Exercise objective
Look below for the line containing "Es gibt eine" and the line containing "Nous avons appelé", then set down both and every line between them exactly, without pictures.

+++ Provided data

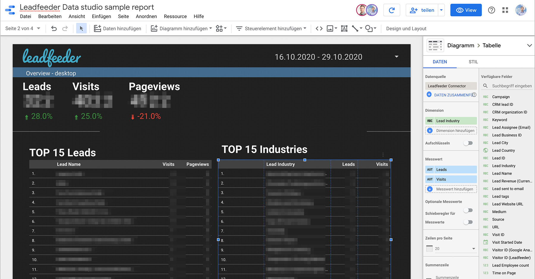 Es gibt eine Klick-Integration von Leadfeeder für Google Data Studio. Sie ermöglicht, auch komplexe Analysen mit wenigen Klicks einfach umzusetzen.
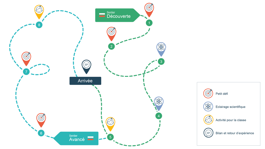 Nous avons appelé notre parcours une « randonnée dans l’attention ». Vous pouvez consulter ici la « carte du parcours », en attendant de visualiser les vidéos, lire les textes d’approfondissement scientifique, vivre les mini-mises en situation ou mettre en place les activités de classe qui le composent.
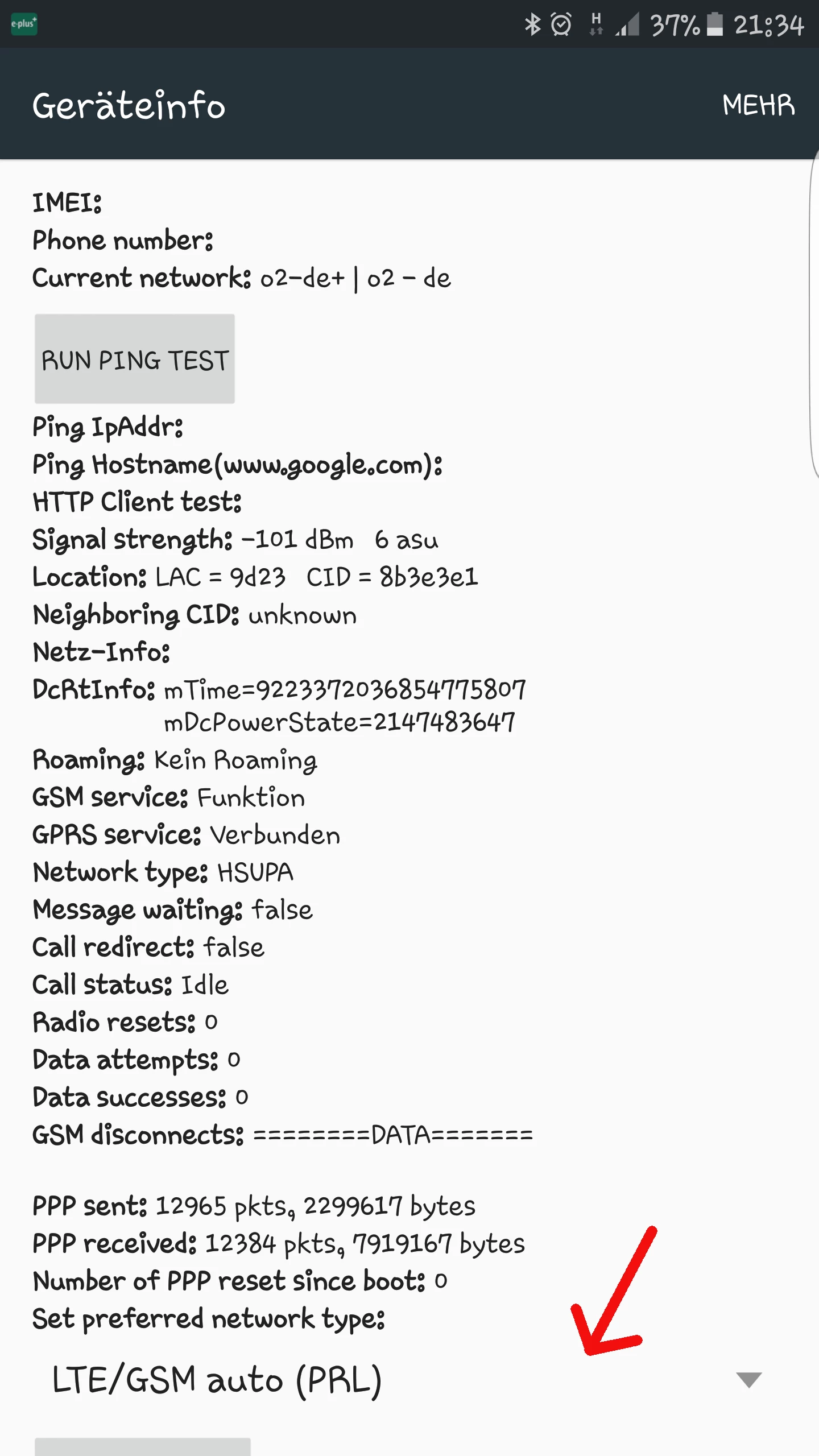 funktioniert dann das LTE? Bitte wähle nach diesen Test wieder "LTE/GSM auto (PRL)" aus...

++++++
+++ Provided data

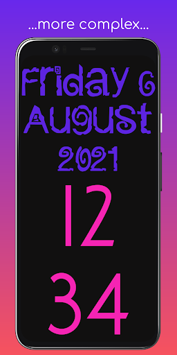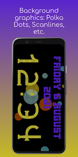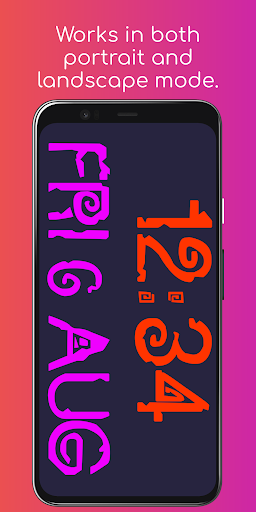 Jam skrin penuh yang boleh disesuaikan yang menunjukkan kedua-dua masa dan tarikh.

++++++
+++ Provided data

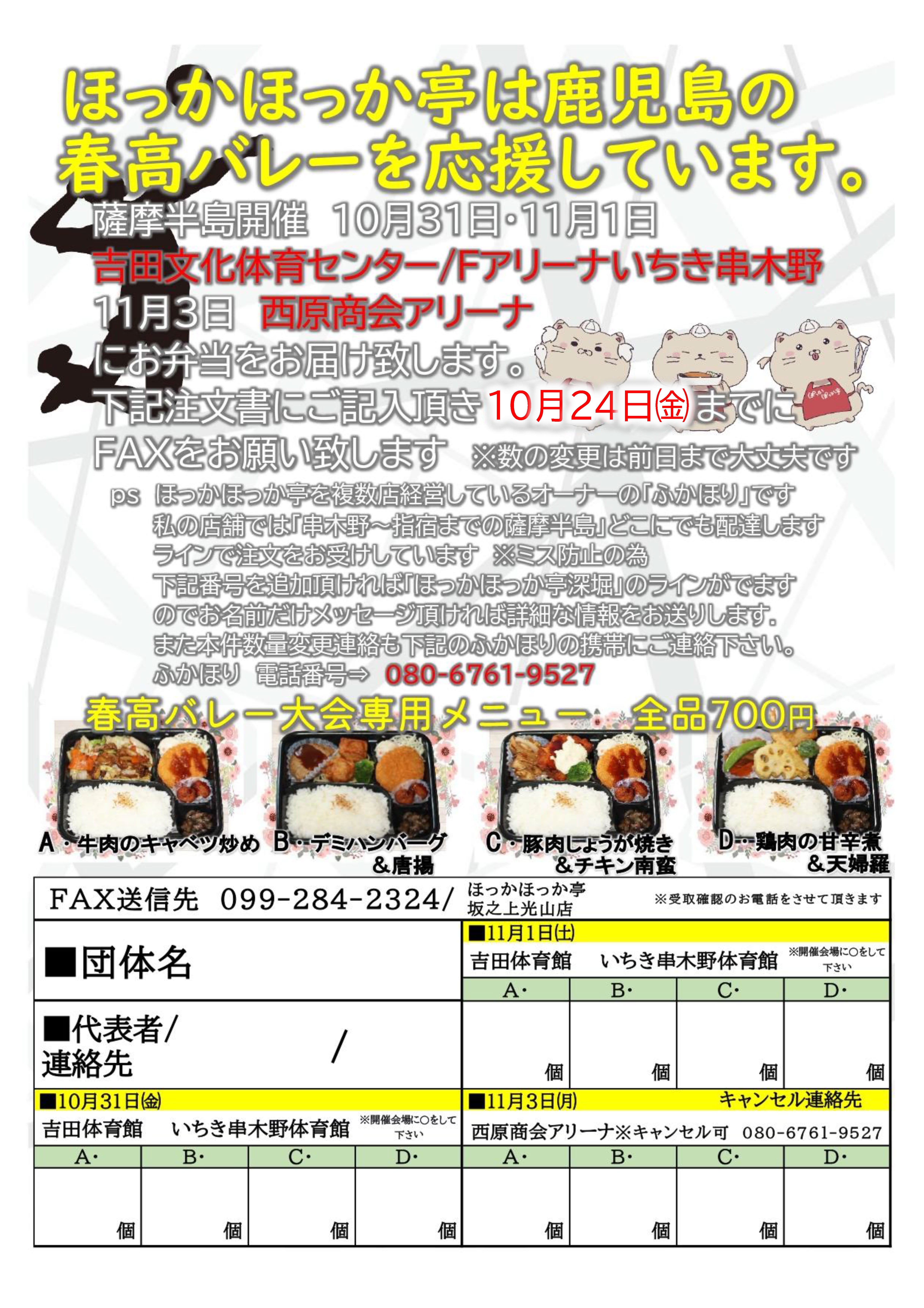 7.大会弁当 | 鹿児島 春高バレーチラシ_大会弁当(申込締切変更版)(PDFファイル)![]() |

++++++

Response area
 Es gibt eine Klick-Integration von Leadfeeder für Google Data Studio. Sie ermöglicht, auch komplexe Analysen mit wenigen Klicks einfach umzusetzen.
 Nous avons appelé notre parcours une « randonnée dans l’attention ». Vous pouvez consulter ici la « carte du parcours », en attendant de visualiser les vidéos, lire les textes d’approfondissement scientifique, vivre les mini-mises en situation ou mettre en place les activités de classe qui le composent.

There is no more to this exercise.